Commentary by Eoin Treacy

Gold, the ultimate bubble, but one that is far from bursting

This article by John Kemp for Reuters may be of interest to subscribers. Here is a section
In this world, gold is the ultimate bubble because apart from the cost of actually digging it out of the ground it has almost no real fundamentals other than price itself. Investors have been buying it precisely because the price has been going up and is expected to carry on rising. Rising prices have created their own demand. It is the ultimately reflexive investment.

Rising gold prices have encouraged investors to add gold to their portfolios and central banks to reverse a long-standing drift towards eliminating the low-yielding asset from their reserves and start adding it instead.

In a thoughtful research note, Deutsche Bank argues that "the gold market is still some way from displaying the characteristics of a bubble" (Commodities Quarterly, Sep 28).
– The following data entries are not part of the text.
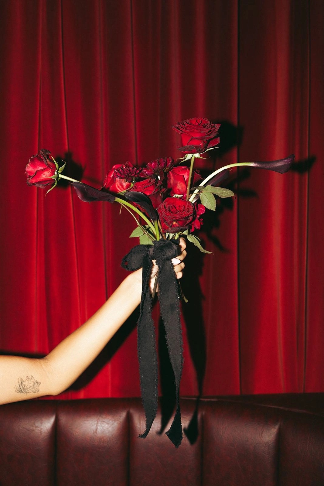 Букеты из атласа стали новым трендом и неслучайно — это идеальный вариант для зимнего образа, ведь такой букет хорошо держит форму, не боится холода и одинаково эффектно смотрится на улице и в помещении.
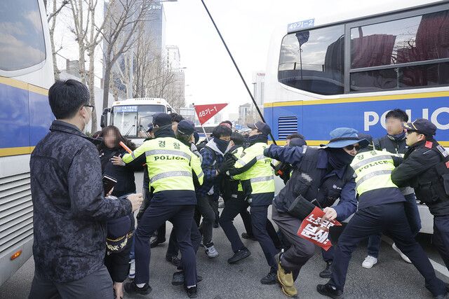 금속노조는 이날 중구 숭례문 인근에서 윤석열 정부의 노조 탄압을 규탄하는 '2024년 투쟁선포식'을 진행했다. 이들은 경찰이 신고된 목적지에 이르기 전 진로를 차단해 몸싸움이 발생했다고 주장했다.
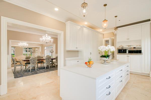 The kitchen is a culinary masterpiece, bathed in natural light and designed with impeccable taste. Featuring floor-to-ceiling white cabinetry and pristine marble countertops, it is equipped with state-of-the-art appliances, including a gas stove, two double ovens, and a central island with a breakfast bar. A fully fitted scullery complements this impeccable space.
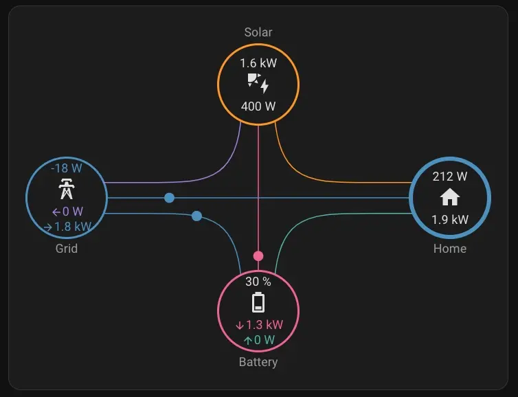As you can see, 5W is still being drawn from the grid, even though the solar panels are producing sufficient power.
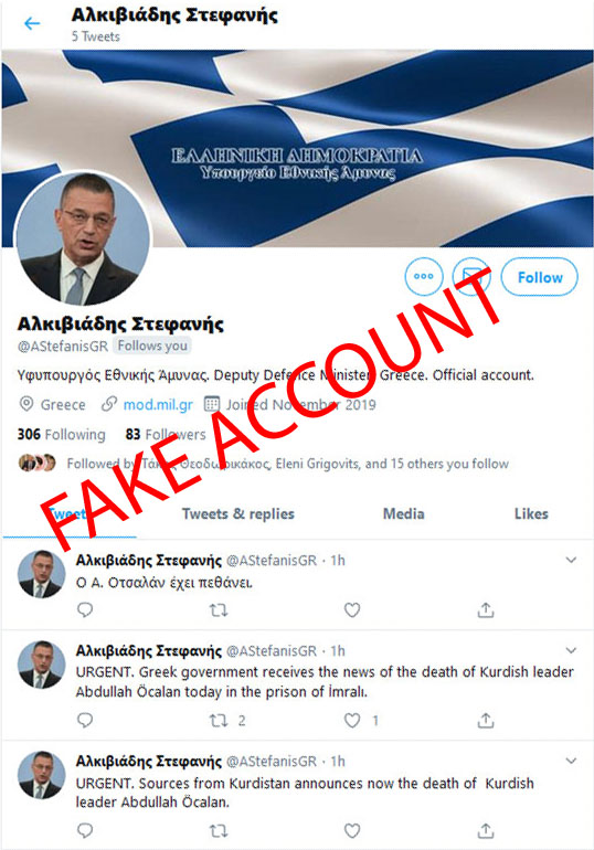 Όπως έγινε γνωστό από το υπουργείο Εθνικής Άμυνας, ο λογαριασμός @AStefanisGR που εμφανίστηκε στο twitter και φέρεται να ανήκει στον υφυπουργό Εθνικής Άμυνας Αλκιβιάδη Στεφανή, αποτελεί ψεύτικο προφίλ, επομένως και οι ειδήσεις που αναρτώνται σε αυτόν είναι παραπλανητικές και ανυπόστατες (fake news).
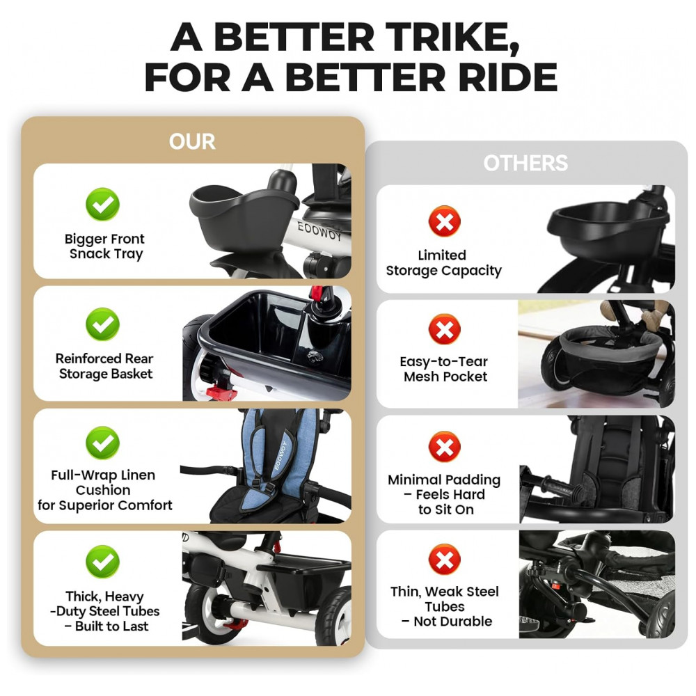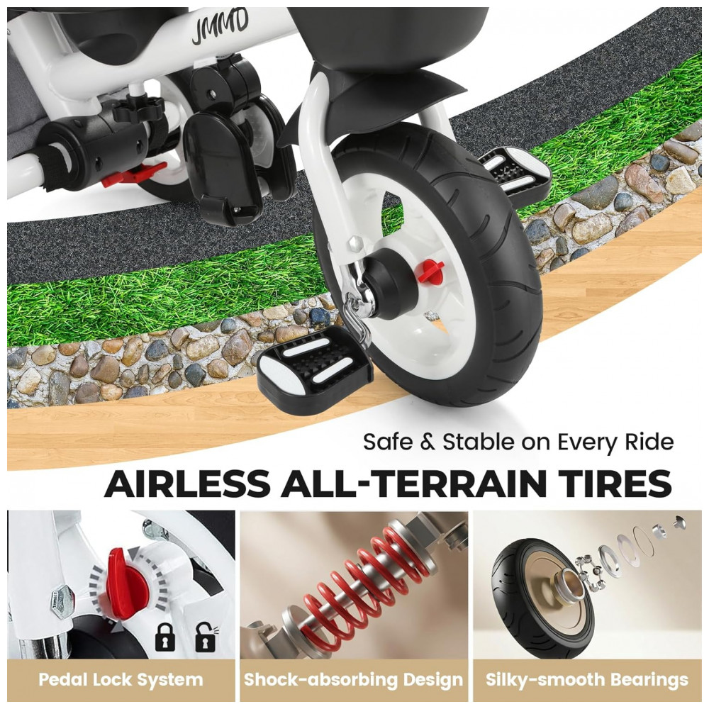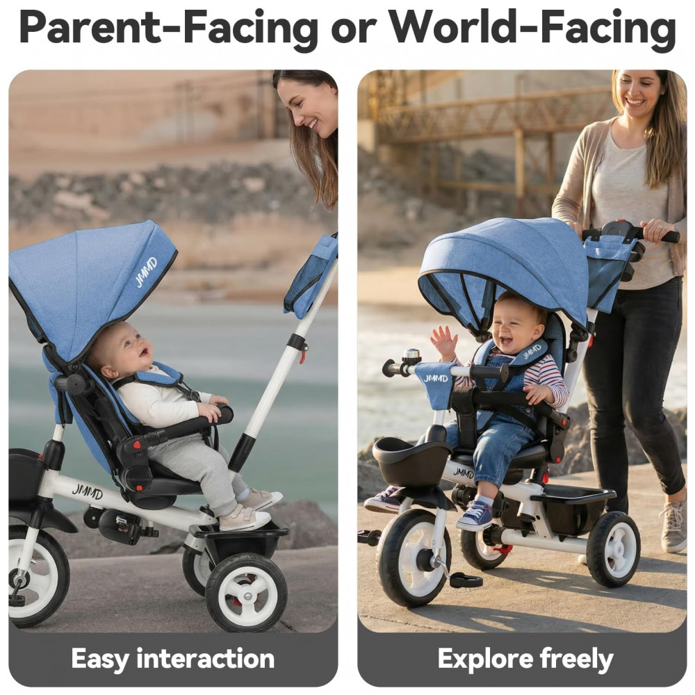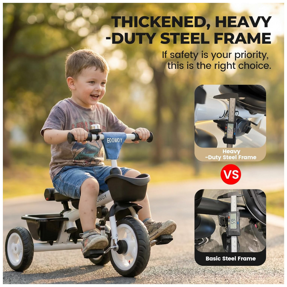Com um design multifuncional, este triciclo infantil grande pode ser transformado em 6 modos de uso. Este triciclo bebê pode crescer com uma criança de 18 meses a 5 anos.

But using the Soros idea of a bubble as a process, rather than simply a frothy end-state, gold has already been a bubble for some time as an ever larger group of investors has climbed aboard, propelling prices higher.

In an implicit acknowledgement of the role self-validating forces have played driving gold prices higher, one prominent gold analyst recently pointed out that gold still has the most compelling "narrative" of any investment.
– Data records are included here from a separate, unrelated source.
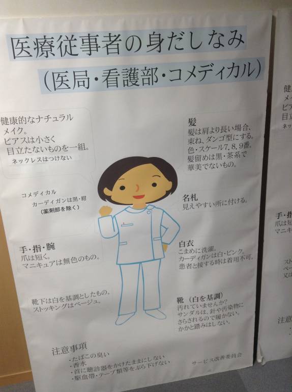 Это стандарт внешнего вида медсестры одной из клиник Японии. Сеть клиник по всей стране имеет международный сертификат качества. Прописано все начиная от прически и тона краски для волос до цвета носков. Ни у кого нет мысли идти вразрез в внутренними правилами компании.
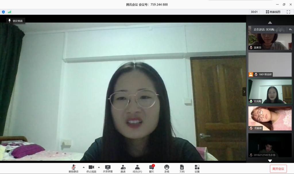首先,吴老师强调了在目前形势下,仍旧同学们要做好自我防护工作,不得松懈,合理调节居家学习心态。
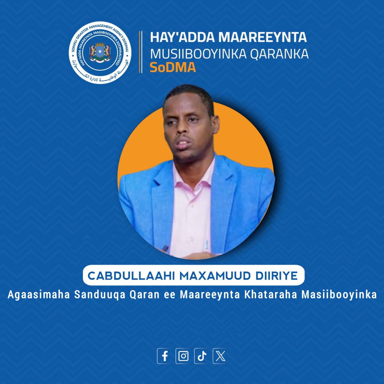 MUQDISHO, SOOMAALIYA – Guddoomiyaha Hay’adda Maareynta Masiibooyinka Soomaaliyeed (SoDMA), Mudane Maxamuud Macalin Cabdulle, ayaa maanta ku dhawaaqay magacaabista Mudane Cabdullahi Maxamuud Diiriye, oo loo magacaabay Agaasimaha Sanduuqa Maareynta Khataraha Masiibooyinka Qaranka. Talaabadan istiraatiijiga ah waa mid lagu dhammaystirayo dadaalka hay’adda ee dhisidda nidaam qaran oo isku-dhafan oo loogu talagalay jawaab-celinta masiibooyinka, waana mid waafaqsan shuruudaha ku xusan Sharciga Lr. 17. Gaar ahaan, Qodobka 8aad ee sharciga ayaa aasaasaya qaab-dhismeed maaliyadeed si loo hubiyo jawaab degdeg ah xaaladaha degdegga ah ee qaranka.
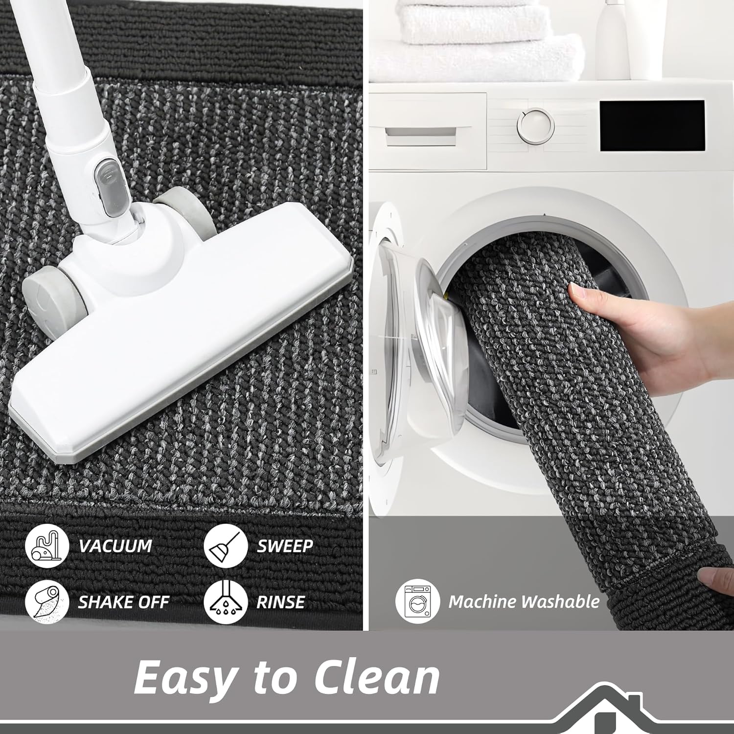 - Easy to Clean: The stain and fade resistant kitchen runner rug can be easily cleaned by a broom or vacuum cleaner. For a deeper clean, machine wash separately in cold water, using mild detergent. Tumble dry, low heat. Do not use bleach or fabric softener
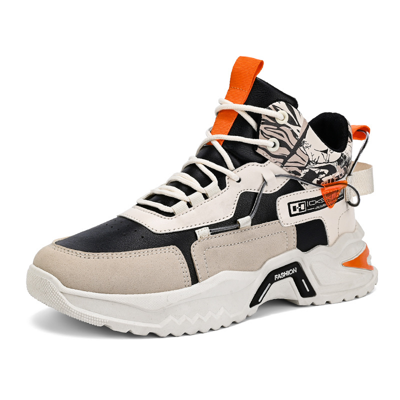 2024 봄과 가을 새로운 가죽 달리기 플랫폼 중반 종아리 아빠 신발, 트렌디 한 스포츠 캐주얼 신발 트렌디 한 신발 남성 신발
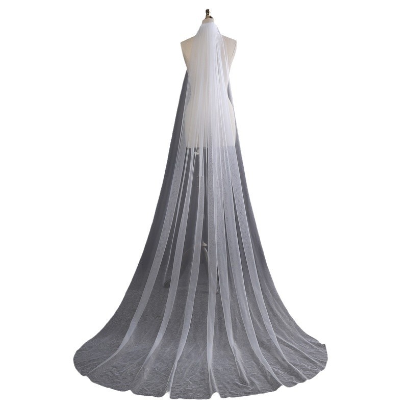 Длинная двухслойная фата из мягкого тюля в стиле катахедральный шлейф, длина 2м, свадебная фата с гребнем для волос.
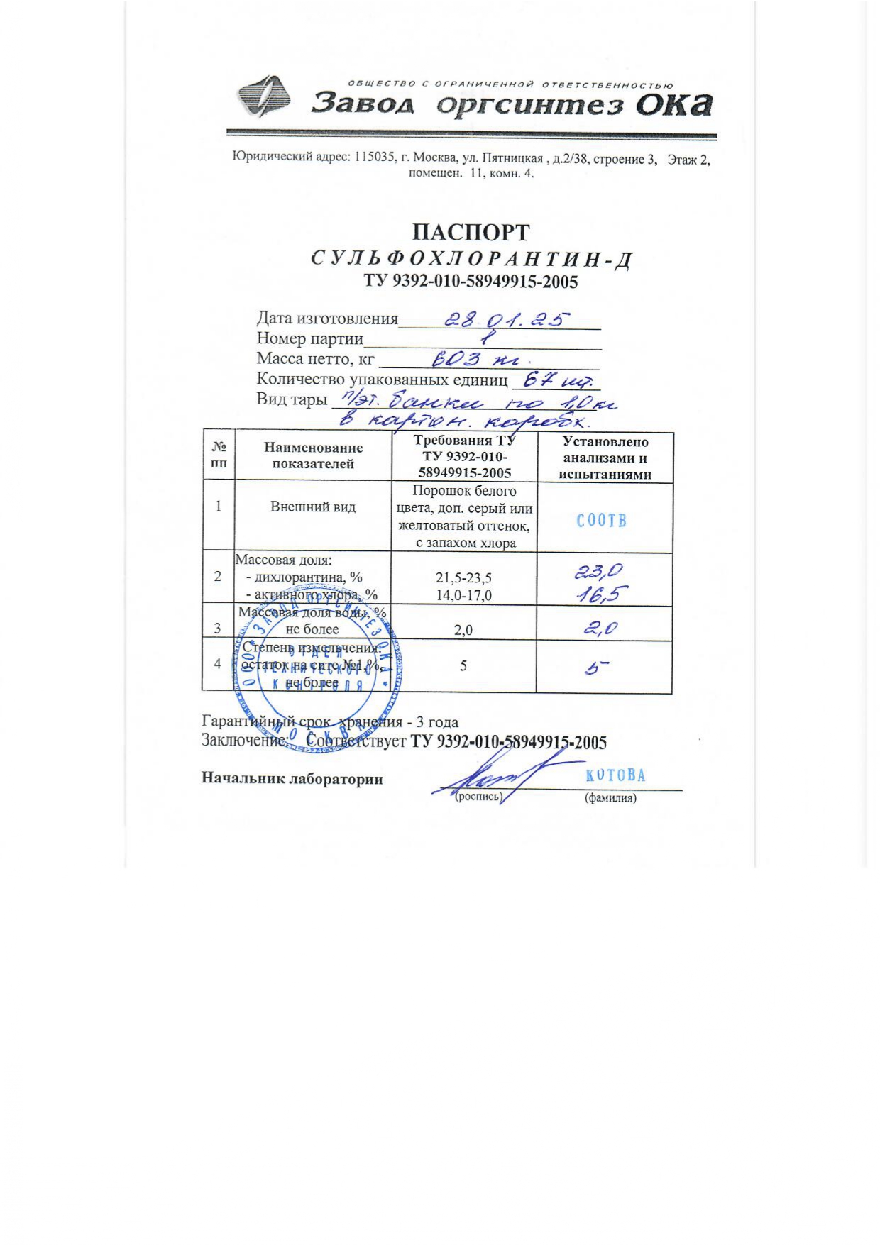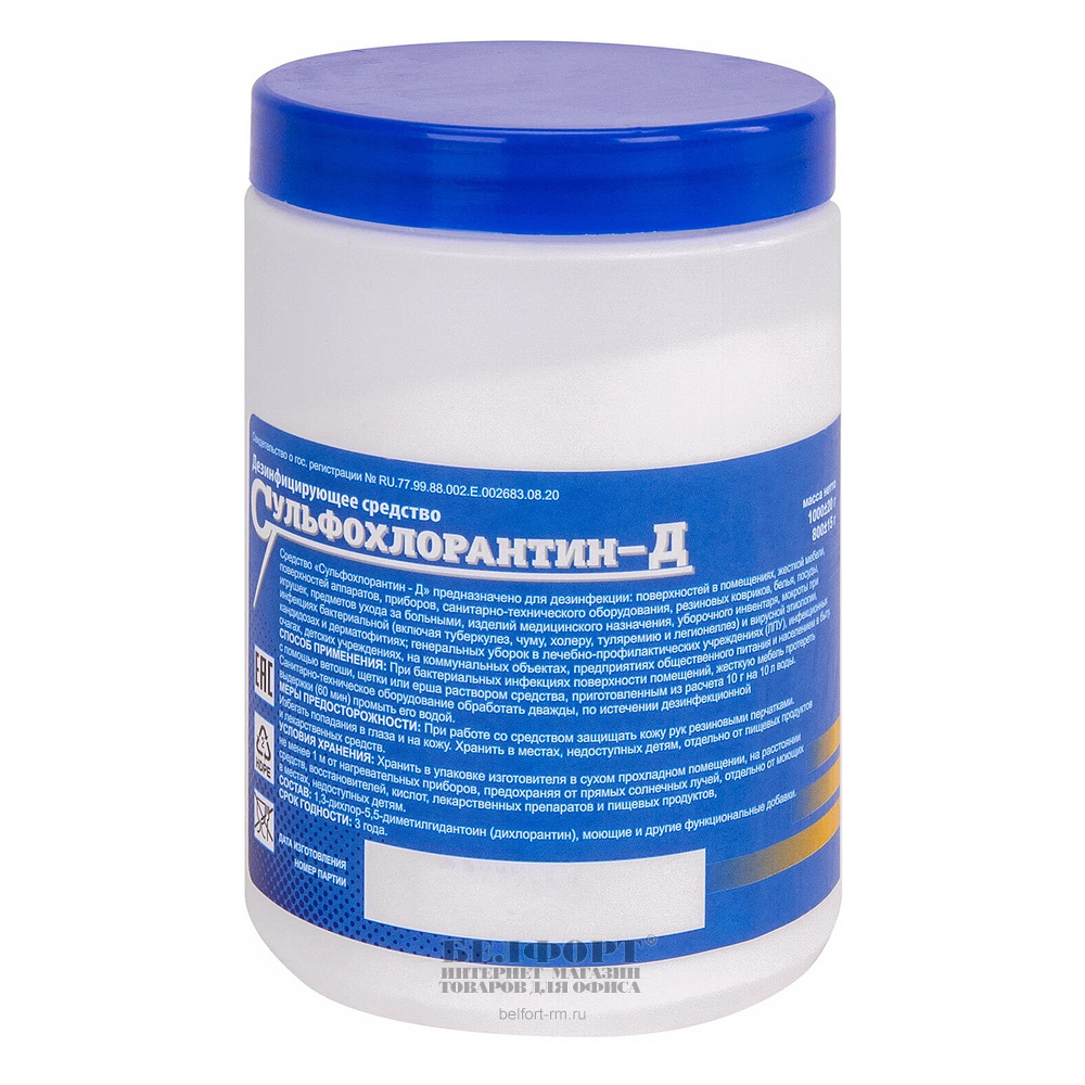 Средство дезинфицирующее Сульфохлорантин-Д Завод Оргсинтез Ока, 1кг, пластик. банка, порошок

In a research note, Barclays Capital explains "For analysts ... gold has traditionally been a tricky one due to its multiple roles as a commodity, currency, inflation hedge and hedge against credit risk and macroeconomic uncertainty. Gold is, in sum, more than a simple commodity, it's a hedge against fear" (Commodity Daily Briefing, Sep 23). Barclays might have added a hedge against deflation as well, another function cited by Deutsche Bank.

Eoin Treacy's view Investors are becoming increasingly aware of the competitive devaluation that major economies remain engaged in and can see that the purchasing power of their respective currencies is decreasing despite widespread threats of deflation. Gold hitting a new high is perhaps the most obvious signal yet that people are looking for a tangible store of value that cannot simply be printed. In tandem with slowing mine production, central bank hoarding, ultra low interest rates and a remarkably consistent uptrend, there is little evidence yet that the market is about to top out.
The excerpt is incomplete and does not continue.